November 12th, 2009 at 2:02 AM ^

While it looks so in this analysis, it's a direct result of my failure to properly handle undefeated teams and a lack of a wins and losses comparison between the top teams. Next week I'll either add the fictional tie team (which I'm loathe to do from a purist perspective) or calculate the round-robin winning percentage (RRWP) and strength of schedule (SOS) to go along with the infinite rating for undefeated teams.

wile_e8

November 11th, 2009 at 5:51 PM ^

One caveat here - I haven't yet worked out what to do exactly with undefeated and winless teams.

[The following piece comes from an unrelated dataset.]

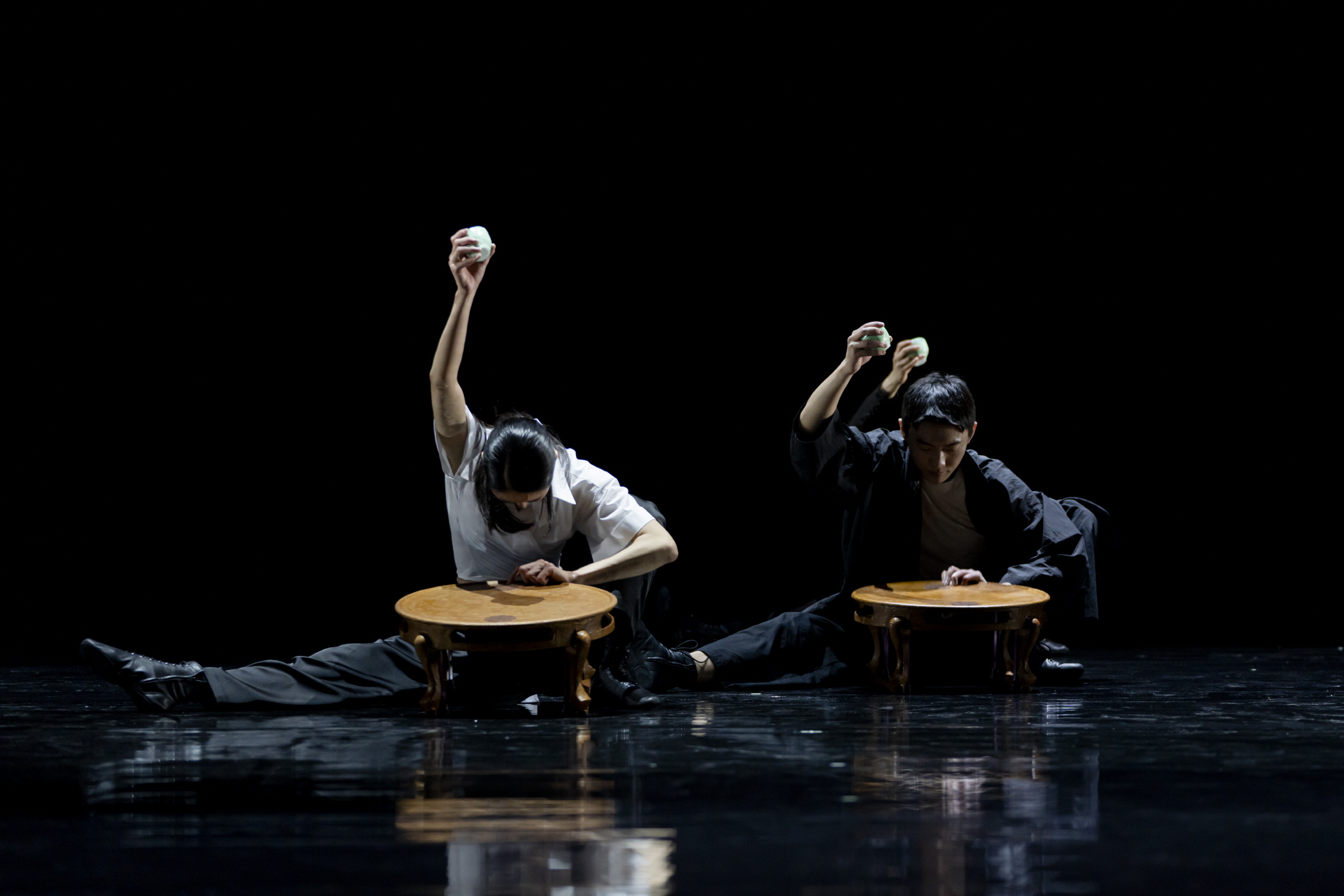 고블린파티 안무, 〈신선〉[사진 제공=국립무용단](이하 상동) 수평으로 서서 술을 건네고 마시는 관계와 자장과 두 다리를 한쪽으로 포개 술을 먹는 비뚜름해진 포즈는 각각 〈신선〉의 음주가 시작되고 마지막을 장식하며, 신선놀음의 서사적 맥락을 구성하는 주요한 장면들이다. 고블린파티는 중간중간 전통적인 술자리보다는 현대의 재현상으로서 이를 연출하는데, 이는 현대에 전통을 접목하는 데 있어 일부 변용된 현대의 모습을 통해 전통을 손쉬운 공통의 것으로 추출하는 것이라 할 수 있다. 오히려 이런 서사의 내용 자체보다는 어떻게 움직임이 특이한 경계에서 작동하는지가 조금 더 주요한 관점의 대상이 된다.

This will become meaningful at the end of the season if there are multiple undefeated teams (I'm not sure I really care about the winless teams).
I wrote a KRACH program a few years ago, and what I did for the undefeated/winless teams was create a fake "tie team", and then have every single team play that team and have a tie. I had built my program off the description at USCHO, so it already handled ties. This had a bit of a fudge factor, but you need to make sure everyone has greater than zero wins and losses unless you have figured out how to divide by zero. I also made just one "I-AA" team to use for whenever someone played against a team from the other division because I didn't want to have to keep track of all those teams too. It was nice in the middle of 2006 when I could use it to confirm that Michigan was better than their ranking in the polls, but in the following years keeping up the spreadsheet was too big a pain just to further my misery.

colin

November 11th, 2009 at 6:55 PM ^

neutral field ~21 point spread for us against OSU. Other estimators have us nearer to a 50% chance at 6 wins, where this method makes like 10%. I think it would work better if point margin were used instead of a win/loss binary. Also, the Krach Dude mentions in a link on his site what his solution for the perfect and perfectly futile teams are, which is to average in a tie (.5 wins) against a fictional perfect team for every team.

SpartanDan

November 12th, 2009 at 1:02 AM ^

Your ranking for the unbeatens is actually backward - if you give them a fixed rating, the ones with the greatest discrepancies between predicted wins and actual are the ones that have played the toughest schedules. As others have mentioned, the "usual" fudge factor is to throw in a tie against an average team, which gets rid of all the connectedness issues. The other option is to calculate RRWP (round-robin win percentage) by using the KRACH method within groups of teams that are fully connected in both directions (that is, every team in the group has a win chain to every other team) and assigning win probabilities when connections exist in only one direction or in neither (if one team has a chain to the other but not vice versa, that team is assumed to have a win probability of 100%; if they are not connected in either direction, such as two unbeaten teams, they are arbitrarily assigned 50-50 win probabilities). This is messy because you have to go ahead and determine victory chain groups, though. The fictional tie against an average team is probably much easier. (It may even work to give that game a lower weight, so it has less impact on the standings while still normalizing everything to get rid of ugly zeros and infinities.)

Seth9

November 12th, 2009 at 1:16 AM ^

College hockey has about three times the number of games as college football and half the teams. There simply isn't enough information in the common opponent data set to produce meaningful numbers. It is interesting, to be sure. The system just isn't designed for College Football.

Seth9

November 12th, 2009 at 3:16 PM ^

KRACH is designed for a league with approximately the number of games and teams as college hockey. It is not functional for college football because there aren't enough non-conference games and there are too many teams for KRACH to be successful. KRACH was designed with the assumption that being undefeated at the end of the season would be a miraculous event and is reliant on a larger sample size than exists in college football to assign probabilities.